Carlos Roberto Gomes spends his days leaning on a stone wall with a big, brightly colored sign around his neck.
His sign advertises the services that he offers to passersby on the downtown street where he earns his living.
It says that Gomes buys gold. He can fix you up with a tattoo or some body piercing.
Read the sign closely, and you’ll also see that he might be willing to lop off your hair and purchase it from you.
Top-quality human hair from Brazil fetches a good price in Europe’s salons, where it’s sold as extensions and wigs, explains Gomes.
If your locks are sufficiently lustrous and long (more than 14 inches), he says he could pay you up to $230 for it.
Gomes says some of his clients routinely grow their hair specifically to sell it for extra income.
Latin America’s largest nation is enduring unusually tough times. Gomes reckons about half his customers these days are compelled by economic hardship to trade their hair for cash.

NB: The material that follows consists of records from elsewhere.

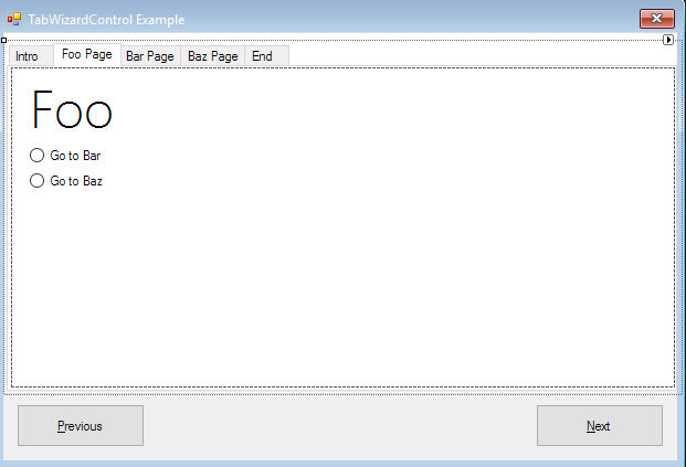 wizard.NextFunction(tpFoo, () => rbBar.Checked ? tpBar : rbBaz.Checked ? tpBaz : null);
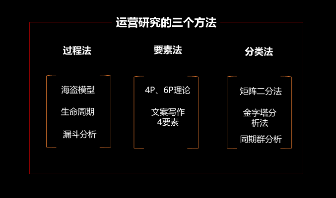大家可以注意观察,很多好用的模型基本是按照过程法、要素法、分类法总结出来的,除了可以运用模型指导我们的运营实践外,我们大可以照这三个方法总结适合自己公司或部门业务的差异化模型。
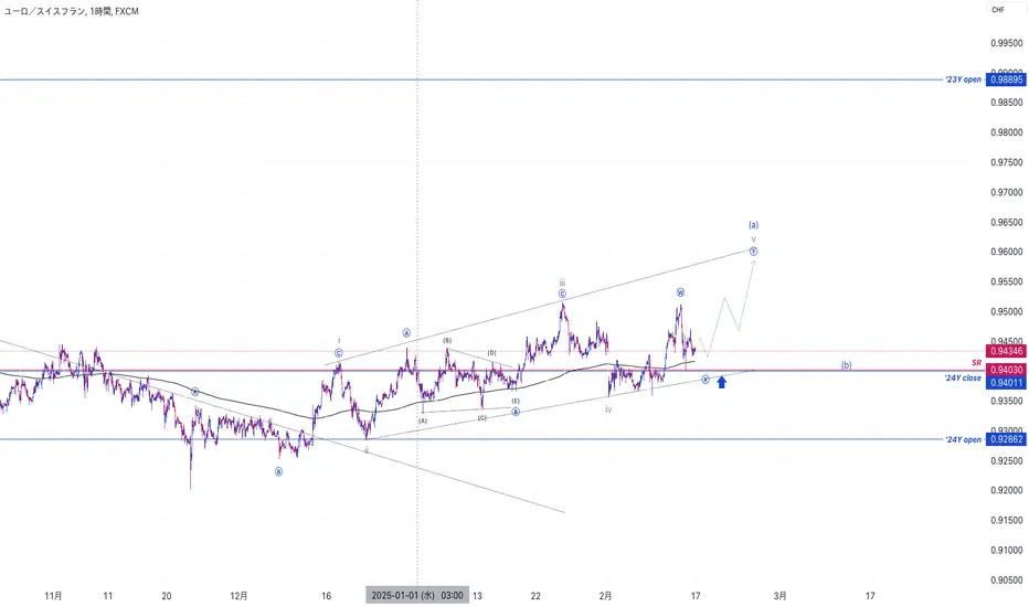 0.94のSRの上の展開では、積極的にロングを狙いたいところですが、週明けは現在価格からそのまま上昇するか、一度0.94もしくはその下のダイアゴナルライン付近へ若干下落してからの上昇を予測してます。
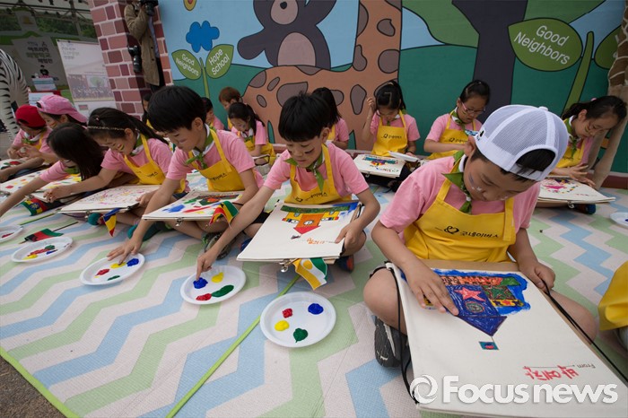 (서울=포커스뉴스) 26일 오전 서울 광진구 어린이대공원에서 열린 굿네이버스 '아프리카 희망학교 체험전'에서 초등학교 학생들이 아프리카에 보낼 가방에 그림을 그리고 있다.
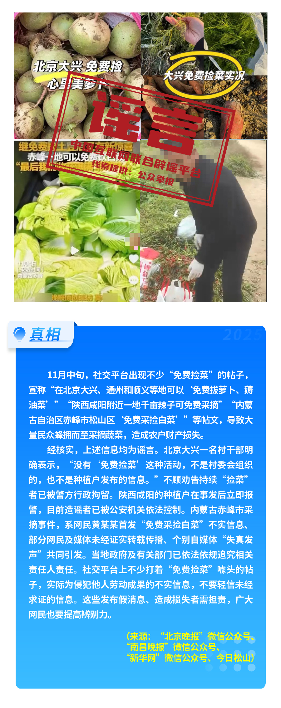 此外,“免费捡菜”传言在多地蔓延,北京大兴、内蒙古赤峰、陕西咸阳等地,均有群众因不实信息误导涌入农田哄抢,导致农户财产受损;“充‘劣质电’会导致新能源汽车自燃”的说法,毫无科学依据,实为造谣者为博流量恶搞。另有“高见观潮”“象视汽车”“987疯狂奶爸”等账号在多平台编发涉汽车行业的虚假信息,恶意抹黑诋毁汽车企业、汽车产品,损害汽车行业发展形象。
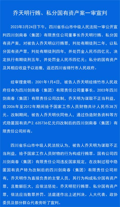 樂山中院的微信公眾號發布消息,樂山中級人民法院一審判處四川劍南春有限公司董事長喬天明有期徒刑5年,并處罰金人民幣4億元。
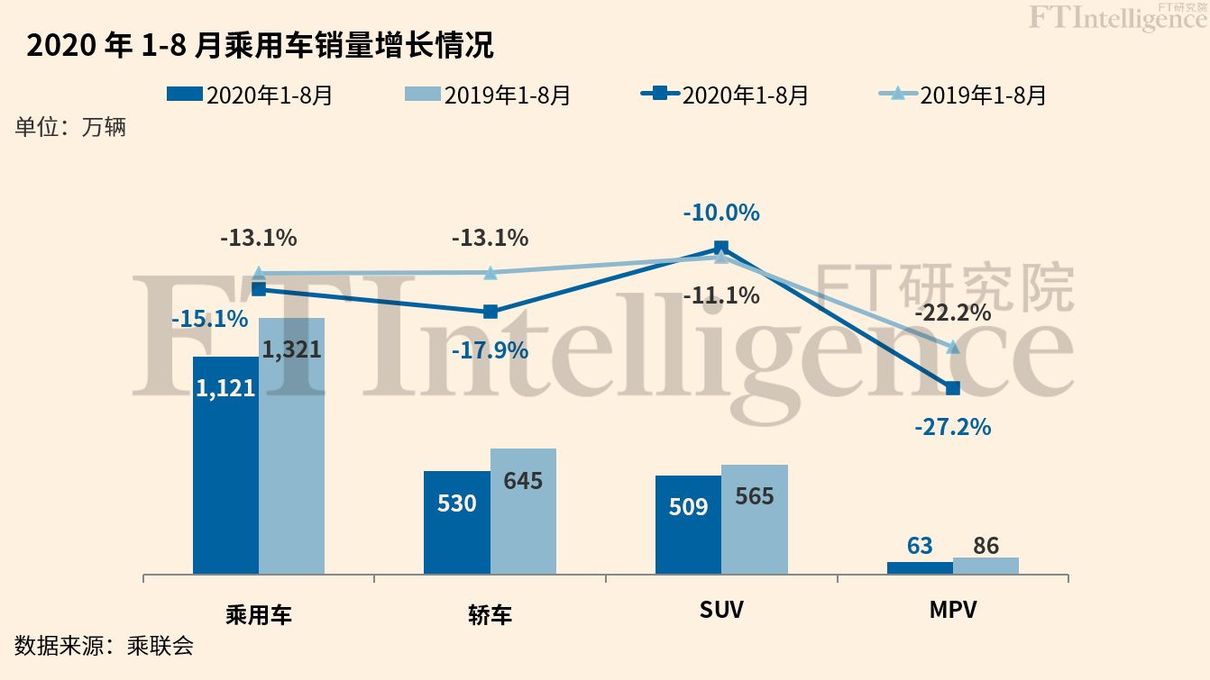 其中,轎車在 1-8 月的累計銷量為 530 萬輛,同比下降 17.9%。但轎車在去年同期的增速為 -13.1%,同比銷量也在下滑。SUV 在 1-8 月的累計銷量為 509 萬輛,同比下降 10%,好于去年同期增速 -11.1%。MPV 車型在 1-8 月的累計銷量為 63 萬輛,同比下降 27.2%。
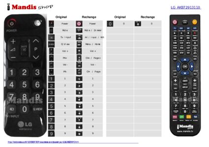 Un document est inclus pour vous aider à utiliser facilement la nouvelle télécommande, en indiquant la correspondance des boutons.
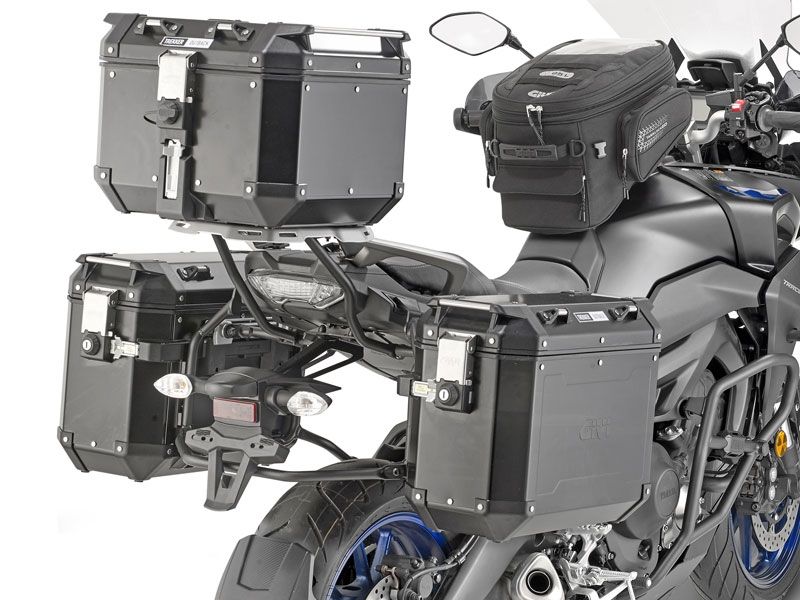 Soporte maleta trasera Givi SR2139 Yamaha Tracer 900 / Tracer 900 GT 2018. Nuevo soporte de maleta adaptador posterior Givi SR2139 diseñado específicamente para Tracer 900 / Tracer 900 GT 2018 y que permite la fijación de las maletas Givi con sistema Monolock. El soporte Givi SR2139 está diseñado con avanzada tecnología para ofrecer la máxima solidez. A combinar con la parrilla Monokey M5, M8A y M8B, el portabolsa de aluminio EX2M o las parrillas Monolock M5M y M6M. Las parrillas Monokey M8A, M8B no permiten la instalación de un kit de luz stop sobre la maleta y/o dispositivo de mando a distancia para la apertura de la maleta.
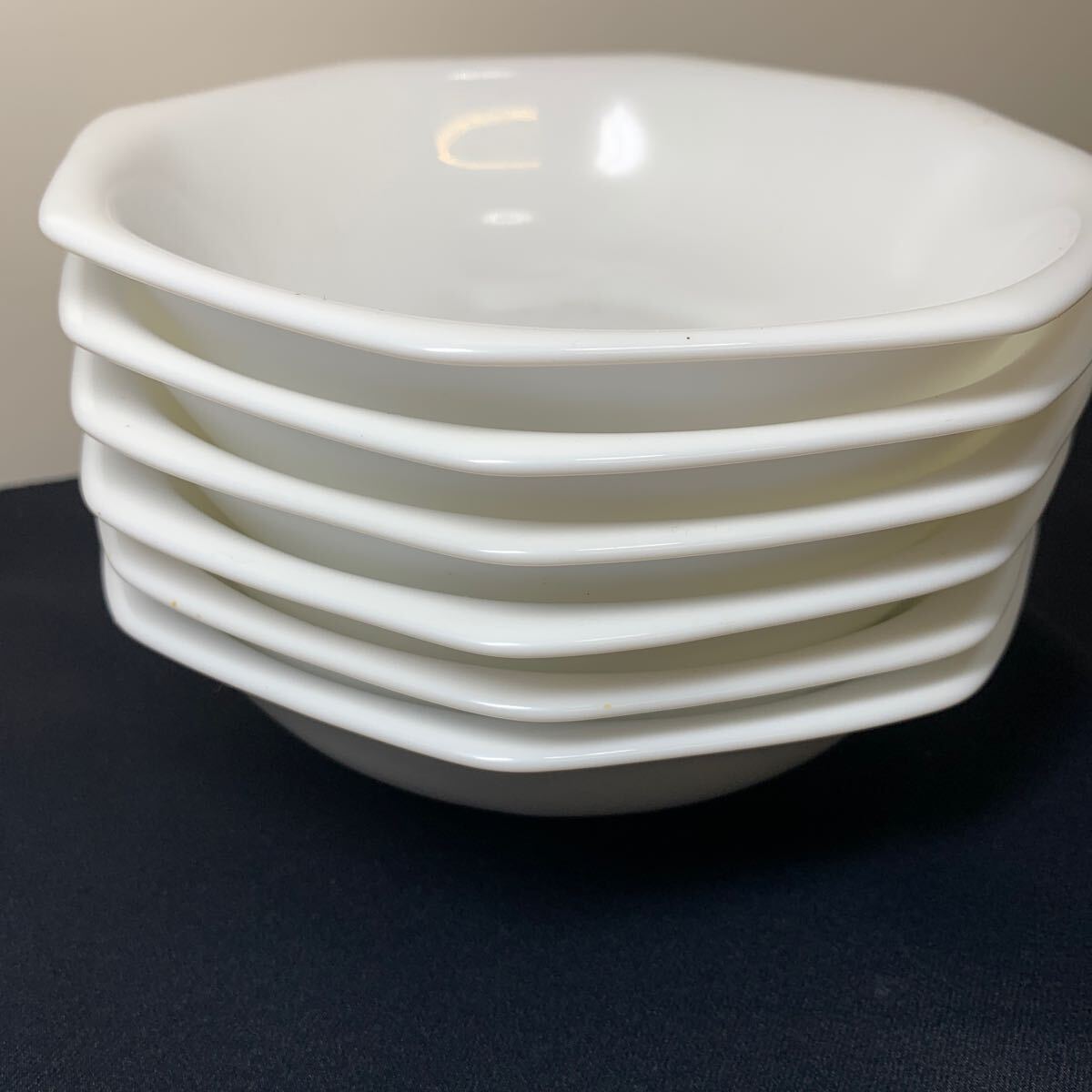 ★大阪/店舗受け取り可★未使用 ヤマザキ春のパン祭り 山崎 1992年 白いデリッシュボウル 6枚セット 耐熱 八角形 約17.2cm 高さ4.5cm ★

“Some people cry,” he remarks. “They’re only selling their hair because they’ve run out of money.”
Gomes works in Porto Alegre, a city that sits beside a giant freshwater lagoon on the edge of the Atlantic ocean. It is one of Brazil’s most important commercial and industrial hubs.
Porto Alegre translates as “Joyous Port.” For much of history, that description seems to have suited the place. Its 2 million inhabitants have a reputation for being passionate about music, literature and soccer — and for enjoying a relatively high standard of living.
Now, though, the city’s neoclassical high-rise blocks and boulevards have the tinge of dinginess and exhaustion that tends to settle on towns that are down on their luck.
Joy is in short supply.
Protests amid “calamity”
Statistics released this month confirm that Brazil has endured the longest and deepest recession in its recorded history. Its economy shrank by 7.2 per cent over the last two years.
Nearly 13 million Brazilians are out of work, more than the entire population of Greece. The government says there are signs of recovery. Yet these are fragile.
In Porto Alegre, this crisis has an extra dimension. The city is the capital of one of Brazil’s 26 states, Rio Grande do Sul, which is roughly the same size as Nevada.
The state sits on Brazil’s southern end, bordering Uruguay and Argentina, where South America’s forests fade into a vast and fertile grassland known as the pampas.
It’s the source of most of Brazil’s wine, and also beef, soybeans, shoes, cars, high-tech equipment and more.
Rio Grande do Sul’s finances have been in trouble for decades, generating an unsustainable mountain of debt; it owes $18 billion to the federal government.
Last November, it officially declared itself in “financial calamity” — in effect, bankrupt. It’s one of three Brazilian states that have done so.
Several thousand people last week gathered inside a training arena belonging to Internacional, one of Porto Alegre’s two world-famous soccer clubs.
For once, these were not adoring fans who’d come to watch glamorous multi-millionaires show off their ball skills. They were low-paid teachers, whose trade union leaders summoned them from across the landscape for a protest meeting.
The state is paying their wages several weeks late — and often in very small installments. The government also wants cuts and reforms, which the teachers strongly oppose.
Angry banners were draped around the arena, demanding the ouster of the state governor, Jose Ivo Sartori, and the Brazilian president, Michel Temer.
In a show of hands, the teachers overwhelmingly voted to go on strike from March 15. To cheers and whistles, they headed out into Porto Alegre for a protest march.
There are many protests these days on the city’s streets.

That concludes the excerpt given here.